Same as in AWS alternatives, if pricing is a constraint and the least number of cloud services need to be used, we can set up a direct RTSP connection from the edge devices. Since all GCP applications run on a VPC it is necessary to configure Cloud NAT so that the internal network can receive incoming data. In this case, since we are not considering Pub/Sub, we might set up an app to store video data in Cloud Storage for retraining.
Microsoft Azure’s Media Services platform
Azure Media Services is a platform that allows users to build and deliver scalable and secure real-time video processing solutions. It offers a range of services and features for encoding, streaming, protecting, and analyzing media content across various devices. It is a general platform with many capabilities, but the most relevant ones are related to sending and receiving data through RTMP or RTSP protocols. Media Services also includes capabilities for live video processing like resizing, cropping, or adjusting the video quality. Media Services pricing is based on the number of setup streams and they are billed on a daily basis.

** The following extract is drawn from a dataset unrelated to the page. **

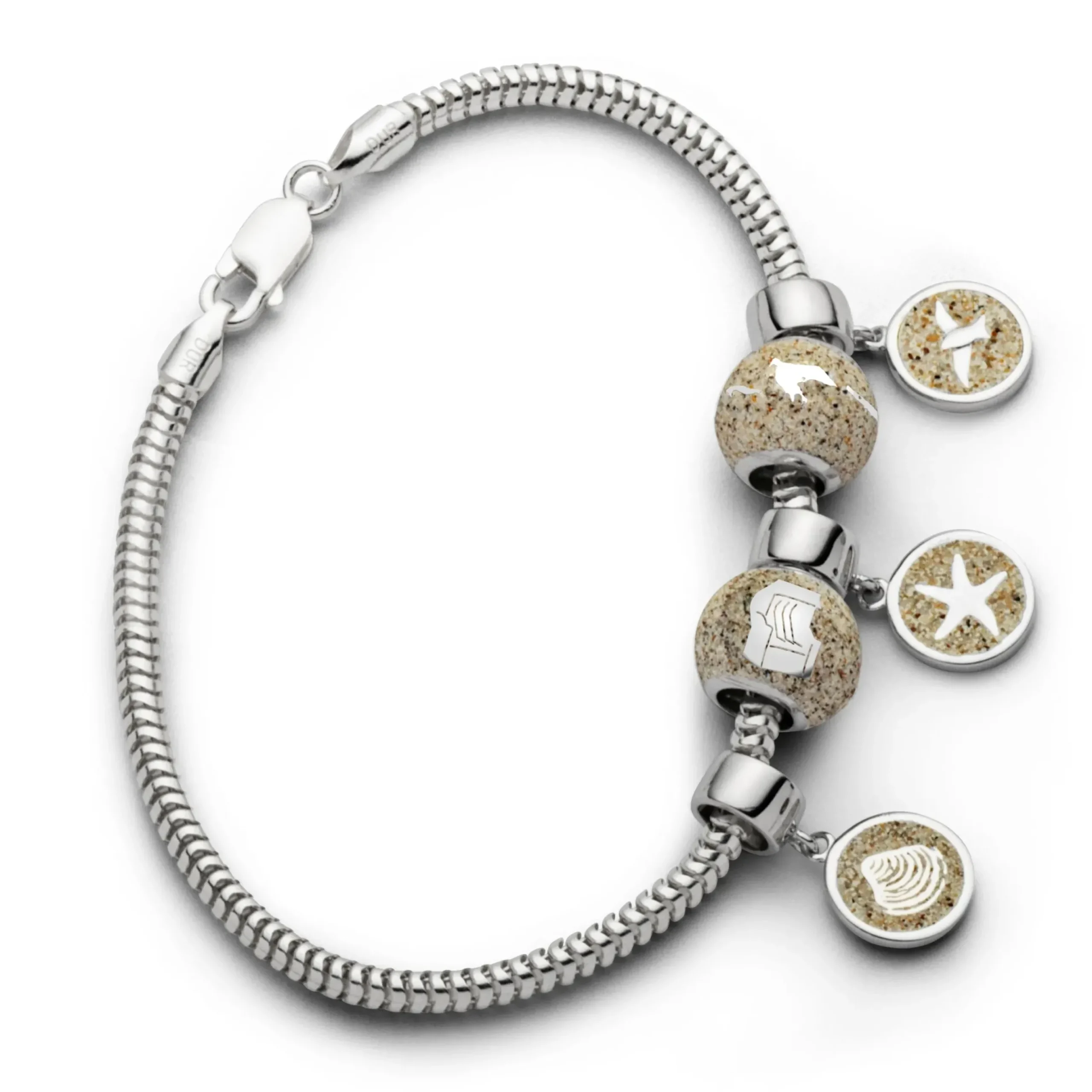Sonne, Strand und Meer! Dieser kleine aber dennoch aussagekräftige Charm-Anhänger mit silbernem Motiv (Herz, Möwe, Kompass, Anker, Muschel oder Stern) und echtem Sand vom Strand zaubert Urlaubsmomente an Ihr Handgelenk und ist daher unverzichtbar für alle, die ein maritimes Statement setzen möchten.Der einzigartige Anhänger verzaubert mit klarem, glänzenden Design und besticht durch die außergewöhnliche Materialkombination von feinem Strandsand und hochwertigem 925er Sterlingsilber.Durch die hohe symbolische Aussagekraft der unterschiedlichen Motive, ist der glanzvolle Anhänger ein echter Blickfang, der Ihre Persönlichkeit unterstreicht und jedes Outfit aufwertet.Mit einem Innendurchmesser von 5 mm lässt sich der Charm-Anhänger wunderbar mit allen gängigen Sammelarmbändern kombinieren. Somit können Sie jedem Schmuckstück eine persönliche Note verleihen.

Architecture-wise, Media Services streams work similarly to Kinesis Video Streams. It allows the user to send real-time video from a camera device into a video processing application.
Some key features of this alternative are:
- We deploy a trained model in a hosted service such as an Azure Virtual Machine or a Container instance. This application gets the streaming from the Media Services account.
- It’s also possible to deploy the ML model in another Container Instance to run the inference step, leveraging Azure ML models and training pipelines.
- The video processing app gets predictions and sends them to an output stream.
Conclusions
In this article we outlined some basic architecture alternatives for designing an ML real-time video processing application. We described some general alternatives using Kafka Topics and RSTP connections between video devices and a video processing app. Then we evaluated what a basic implementation in each cloud provider would look like, and described some possible add-ons.
A real production-ready architecture might look quite more complex than the ones described in this post. We hope this post serve as a conversation starter when deciding how to structure an application with such streaming features.